Любовь к камням - Хилл Тобиас - Страница 86
- Предыдущая
- 86/99
- Следующая
— Где дракон?
Даниил поднял взгляд — брат беззвучно подошел к кровати. Глаза его выглядели остекленевшими, но речь казалась разумной. «Как будто, — подумал Даниил, — то, что я читаю, представляет какой-то интерес». Он отложил газету.
— В Финсберри, Залман. Как ты себя чувствуешь?
Тот нахмурился, словно подыскивая ответ, потом вдруг широко зевнул и сел.
— Хорошо. Лучше, чем за последние месяцы. Что за еду ты принес? Хлеб?
— Да.
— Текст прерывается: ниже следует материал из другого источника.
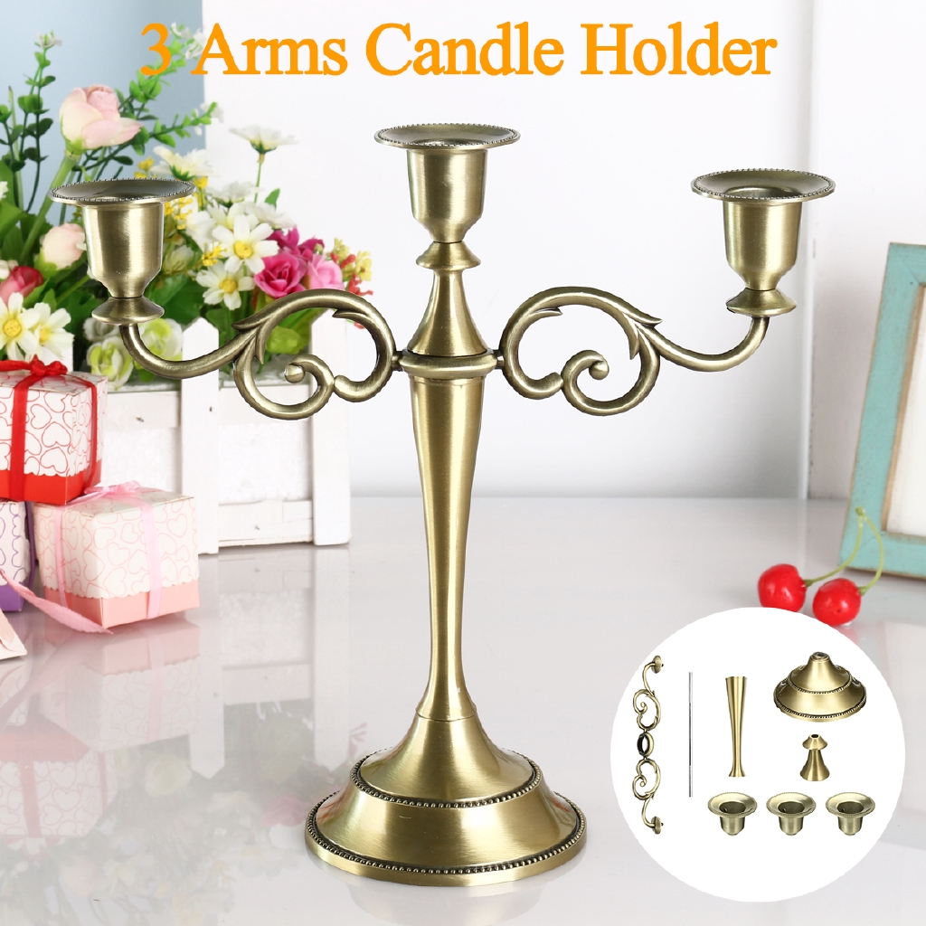 Amazon Com Gototop 3 Arms Candle Holder Gold Retro 3 Branches Candle Stick Stand Metal Candle Holder European Style Candelabra Wedding Candlestick Dinner Home Decor Gift Home Kitchen

И твою настойку.
Залман кивнул.
— Она мне больше не понадобится. Ага. И сыр.
Он взял булку и разломил пополам, стараясь, чтобы крошки падали на оберточную бумагу.
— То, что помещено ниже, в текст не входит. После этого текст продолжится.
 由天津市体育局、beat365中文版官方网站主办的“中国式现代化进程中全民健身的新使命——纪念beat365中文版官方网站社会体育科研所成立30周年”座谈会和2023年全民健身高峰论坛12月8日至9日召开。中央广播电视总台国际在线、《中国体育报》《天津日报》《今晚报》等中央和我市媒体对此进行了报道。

— Хорошо чувствуешь себя, правда? Долго спал?
— Сто лет. Чувствую себя на самом деле хорошо. — Он достал из кармана потускневший железный перочинный нож и стал нарезать сыр. — Прошлой ночью я ходил к докам и обратно. Стоящие на якоре суда вмерзли в лед.
— Я разговаривал с Джорджем и мистером Ранделлом, — осторожно продолжал Даниил. — Они говорят, этот бриллиант не наш.
— Лгут.
Залман поднял взгляд на Даниила, улыбнулся и стал разбирать яблоки.
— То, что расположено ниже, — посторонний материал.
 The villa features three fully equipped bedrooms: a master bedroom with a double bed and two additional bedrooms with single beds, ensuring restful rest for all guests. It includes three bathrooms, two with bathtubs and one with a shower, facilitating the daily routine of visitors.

— Они говорят, ты должен доделать корону. Иначе наши контракты нарушатся, и деньги, которые они должны нам, будут удержаны.
— Это блеф. Они лгут и лгут.
— Значит, не останешься на работе?
— Останусь. — Голос его звучал тихо. Яблоко в руке с шипением треснуло, обнажив белую мякоть. — Теперь я не ушел бы ни за что на свете.
Он снова улыбнулся брату, ожидая ответной улыбки. Оба сидели на кровати и ели.
«И» было изменой Иуды,
Он предал за деньги Христа,
Обрекши на крестные муки,
А после повесился сам.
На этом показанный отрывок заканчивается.